Le secrétaire général de la Confédération européenne des syndicats (CES) - organisatrice des manifestations dans diverses villes européennes - John Monks a jugé la réunion de ce jeudi « bonne », l'accent ayant été mis par tout le monde sur la nécessité d'avoir de la croissance et des emplois, de prendre davantage en considération la dimension sociale. Et de conclure sur une note réaliste: « Les travailleurs vont payer la crise du marché du travail, elle-même provenant de la crise des marchés financiers ».

Le directeur général de BusinessEurope, Philippe De Buck, a d'entrée de jeu apporté son soutien au Pacte pour l'euro, « qui est une bonne chose, la clé de voûte pour l'avenir ». Il ne comprend pas l'hostilité des syndicats à l'égard de ce 'Pacte pour l'euro'. Il s'est dit d'accord avec les syndicats sur le fait que l'on a besoin de croissance et d'emplois, de compétitivité et d'un dialogue social autonome mené de manière responsable. Aux manifestants qui ont des craintes pour l'avenir, Philippe De Buck dit: « Les entreprises sont prêtes à travailler d'une manière compétitive, à condition que les choses soient claires, c'est-à-dire qu'il faut un marché du travail actif, la sécurité et l'information ».

Où est le Pacte pour l'emploi proposé par la Commission Barroso? Répondant à un journaliste, José Manuel Barroso a affirmé: « Le Pacte pour l'emploi, c'est la stratégie UE 2020 laquelle porte sur la croissance et l'emploi, l'emploi qui est au centre de nos efforts ». L'objectif est de rétablir la croissance et l'emploi. Grâce à une coopération « excellente » avec Herman van Rompuy pour la consultation avec les États membres, M. Barroso a noté que « les choses sont en ordre: le Pacte pour l'euro est compatible avec le traité et la stratégie UE 2020. Oui, c'est un Pacte pour l'emploi », a conclu José Manuel Barroso. « Notre but ultime », a poursuivi Herman Van Rompuy, « c'est la stabilité de notre économie et le développement de l'emploi. On va assister aux premiers signes de croissance et d'emplois. Chacun doit y mettre sa responsabilité, individuellement et collectivement ».

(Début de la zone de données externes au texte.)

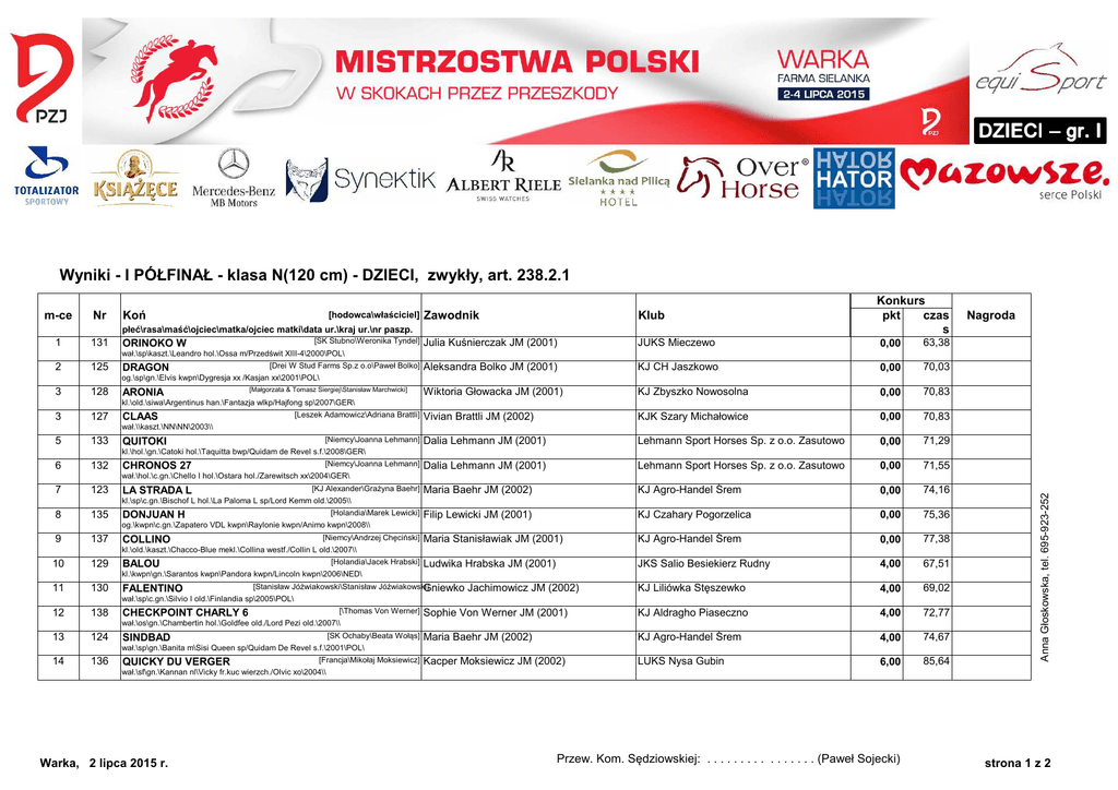 - I PÓŁFINAŁ - klasa N(120 cm) - DZIECI, zwykły, art. 238.2.1 Wyniki m-ce 1 Nr Koń 131 płeć\rasa\maść\ojciec\matka/ojciec matki\data ur.\kraj ur.\nr paszp. [hodowca\właściciel] [SK Stubno\Weronika Tyndel] ORINOKO W Konkurs pkt czas s Zawodnik Klub Julia Kuśnierczak JM (2001) JUKS Mieczewo 0,00 63,38 Aleksandra Bolko JM (2001) KJ CH Jaszkowo 0,00 70,03 Wiktoria Głowacka JM (2001) KJ Zbyszko Nowosolna 0,00 70,83 Vivian Brattli JM (2002) KJK Szary Michałowice 0,00 70,83 Dalia Lehmann JM (2001) Lehmann Sport Horses Sp. z o.o. Zasutowo 0,00 71,29 Dalia Lehmann JM (2001) Lehmann Sport Horses Sp. z o.o. Zasutowo 0,00 71,55 Maria Baehr JM (2002) KJ Agro-Handel Śrem 0,00 74,16 Filip Lewicki JM (2001) KJ Czahary Pogorzelica 0,00 75,36 Maria Stanisławiak JM (2001) KJ Agro-Handel Śrem 0,00 77,38 Ludwika Hrabska JM (2001) JKS Salio Besiekierz Rudny 4,00 67,51 KJ Liliówka Stęszewko 4,00 69,02 Sophie Von Werner JM (2001) KJ Aldragho Piaseczno 4,00 72,77 Maria Baehr JM (2002) KJ Agro-Handel Śrem 4,00 74,67 Kacper Moksiewicz JM (2002) LUKS Nysa Gubin 6,00 85,64 Nagroda wał.\sp\kaszt.\Leandro hol.\Ossa m/Przedświt XIII-4\2000\POL\ 2 3 125 128 DRAGON [Drei W Stud Farms Sp.z o.o\Paweł Bolko] og.\sp\gn.\Elvis kwpn\Dygresja xx /Kasjan xx\2001\POL\ ARONIA [Małgorzata & Tomasz Siergiej\Stanisław Marchwicki] kl.\old.\siwa\Argentinus han.\Fantazja wlkp/Hajfong sp\2007\GER\ 3 127 [Leszek Adamowicz\Adriana Brattli] CLAAS wał.\\kaszt.\NN\NN\2003\\ 5 133 [Niemcy\Joanna Lehmann] QUITOKI kl.\hol.\gn.\Catoki hol.\Taquitta bwp/Quidam de Revel s.f.\2008\GER\ 6 132 [Niemcy\Joanna Lehmann] CHRONOS 27 7 123 [KJ Alexander\Grażyna Baehr] LA STRADA L kl.\sp\c.gn.\Bischof L hol.\La Paloma L sp/Lord Kemm old.\2005\\ 8 135 [Holandia\Marek Lewicki] DONJUAN H og.\kwpn\c.gn.\Zapatero VDL kwpn\Raylonie kwpn/Animo kwpn\2008\\ 9 137 [Niemcy\Andrzej Chęciński] COLLINO kl.\old.\kaszt.\Chacco-Blue mekl.\Collina westf./Collin L old.\2007\\ 10 129 [Holandia\Jacek Hrabski] BALOU kl.\kwpn\gn.\Sarantos kwpn\Pandora kwpn/Lincoln kwpn\2006\NED\ 11 130 FALENTINO [Stanisław Jóźwiakowski\Stanisław Jóźwiakowski] Gniewko Jachimowicz JM (2002) wał.\sp\c.gn.\Silvio I old.\Finlandia sp\2005\POL\ 12 138 [\Thomas Von Werner] CHECKPOINT CHARLY 6 wał.\os\gn.\Chambertin hol.\Goldfee old./Lord Pezi old.\2007\\ 13 124 [SK Ochaby\Beata Wołąs] SINDBAD wał.\sp\gn.\Banita m\Sisi Queen sp/Quidam De Revel s.f.\2001\POL\ 14 136 QUICKY DU VERGER [Francja\Mikołaj Moksiewicz] Anna Głoskowska, tel. 695-923-252 wał.\hol.\c.gn.\Chello I hol.\Ostara hol./Zarewitsch xx\2004\GER\ wał.\sf\gn.\Kannan nl\Vicky fr.kuc wierzch./Olvic xo\2004\\ Warka, 2 lipca 2015 r. Przew. Kom. Sędziowskiej: . . . . . . . . . . . . . . . . (Paweł Sojecki) strona 1 z 2 m-ce Nr Koń [hodowca\właściciel] Zawodnik Klub Konkurs pkt czas s Aleksandra Bolko JM (2001) KJ CH Jaszkowo elim. Filip Lewicki JM (2001) KJ Czahary Pogorzelica płeć\rasa\maść\ojciec\matka/ojciec matki\data ur.\kraj ur.\nr paszp. 126 QUITY [Niemcy\Paweł Bolko] kl.\han.\gn.\Quidam's Rubin hol.\Fergie han./Fashion King han.\2006\GER\ 134 [\Józef Walat] CODETIA VDL wycof. Nagroda Anna Głoskowska, tel. 695-92 Wyniki - I PÓŁFINAŁ - klasa N(120 cm) - DZIECI, zwykły, art. 238.2.1 kl.\kwpn\c.gn.\Hold Up Premier kwpn\Godetia kwpn/ Jasper\2007\\ Warunki konkursu: przeszkód - skoków: dystans [m]: tempo [m/min]: norma czasu [s]: norma czasu [s]: startowało koni: ukończyło koni: 11 - 13 450 350 78 78 16 14 Przewodniczący Komisji Sędziowskiej ............................ Paweł Sojecki Gospodarz Toru: Szymon Tarant Komisja Orzekająca: Ewa Porębska-Gomółka, Jan Limanowski, Bogusława Długosz, Paweł Sojecki Warka, 2 lipca 2015 r. strona 2 z 2

À propos du respect de l'autonomie des partenaires sociaux, José Manuel Barroso a rappelé que le Pacte pour l'euro relève de la compétence nationale. « La tradition du dialogue social sera toujours respectée. Et si on parle de compétitivité au plan européen, il sera difficile aux chefs d'État et de gouvernement de ne pas parler des salaires. Il est nécessaire d'en parler mais ce n'est pas pour autant que Bruxelles va déterminer ce qui doit se faire dans les États membres. Notre idée n'a jamais été de toucher à cette compétence. Notre idée est de tabler sur la croissance », a conclu le président Barroso. (G.B.)